His only real engagement with a character’s deeper implications was the one of Sophie’s. Her presentation at the Faninal palace on top of an oversized board room table did spell out her status as a tradable good. As always with Strauss his women are multilayered human beings with interesting stories to tell. Sophie’s love at first time moment with Octavian was exaggerated with a side to side synchronised sway that one would expect on a Disney cartoon. It may have been endearing at first but eventually made the characters look incapable of true feelings. For all his directorial skill at stage pictures he seemed lost at sea at engaging with the emotional worlds that Hofmannsthal and Strauss worked so hard at.

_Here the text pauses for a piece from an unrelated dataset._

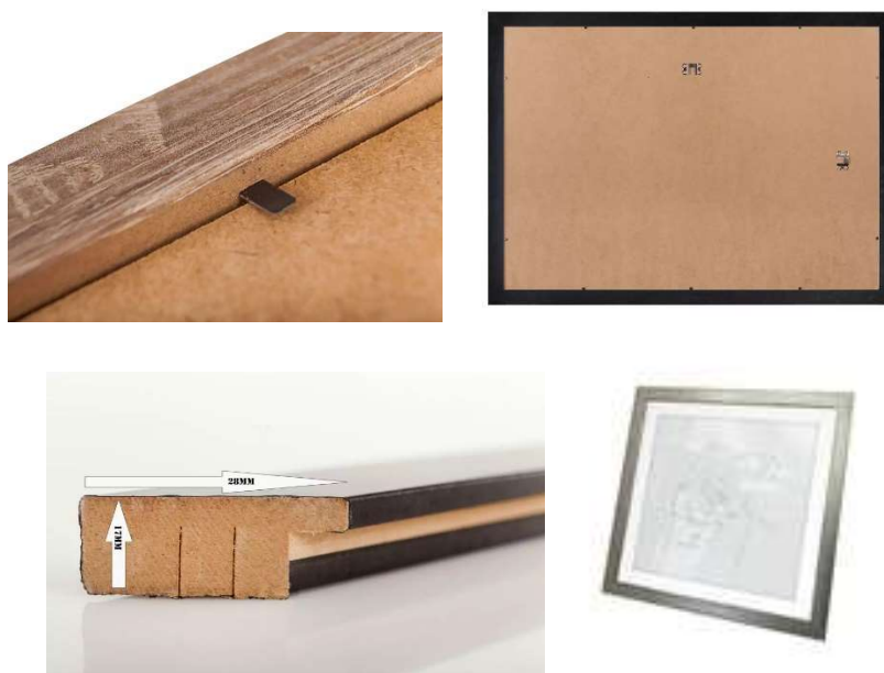
Przykładowe zdjęcie produktu

Wymiary zewnętrzne ramki 32,8 x 25,8. Wymiary wewnętrzne ramki 30 x 23cm

Taking a multilayered social drama of the souls and turning it into a parody.
The musical standards were equally patchy with Kate Royal being obviously cast for her gorgeous looks but not for her voice, who became barely audible at any orchestral surges and in duets with Tara Erraught. It is a role that has some of the most thoughtful and introspective music in Strauss’ output and yet Kate Royal preened and stared with little pathos and with a matching bland and underpowered vocal performance. Having seen both Soile Isokoski and Anne Schwanewilms in the last month sing the part I was disappointed. The magic of the score evaporated into a forced battle for survival. The effortless grandeur required turned into a whimper.

Tara Erraught’s Octavian may not have displayed the eloquence that comes with experience with the likes of Sarah Connolly and Alice Coote but she displayed a vivid engagement with the horny, red-headed side of the character and truly let her hair down as Mariandel layering the slapstick thickly, very much in style with the direction.  Her singing assured and her projection loud and clear.

The Baron Ochs of Lars Woldt was an extraordinary find, a role that in recent years had become the preserve of end of career baritones, using humour to hide huge vocal deficiencies, it became a star vehicle. He sang with great warmth and the attention to the language only a native German speaker can give. His take on the role less sarcastic than most, made me for the first time feel compassionate and maybe even protective of him.

Also very strong contributions by Michael Kraus as Faninal that countered Ochs with the superficial seriousness new money brings. The Marianne of Miranda Keys made a big impression in her description of the arrival of Baron Ochs’ entourage mixing her sweet toned voice with her over-excited persona.

The overall musical direction of Robin Ticciati was lithe and swift but quite frequently at the expense of the more lush string sound one would expect in this opera. It was a display of promise for the future seasons than the finished article of a performance. Maybe having heard the LSO and the CBSO play the score in the past weeks spoilt me.

For all the uproar and the body shaming, it is terribly ironic how very few people focused on the flip side of the coin. The casting of a wonderful singer that is totally inappropriate for the role. The final trio is one of the most sublime pieces written for female voices and yet on Sunday I could not wait for it to end. It had none of the magical, superlative beauty.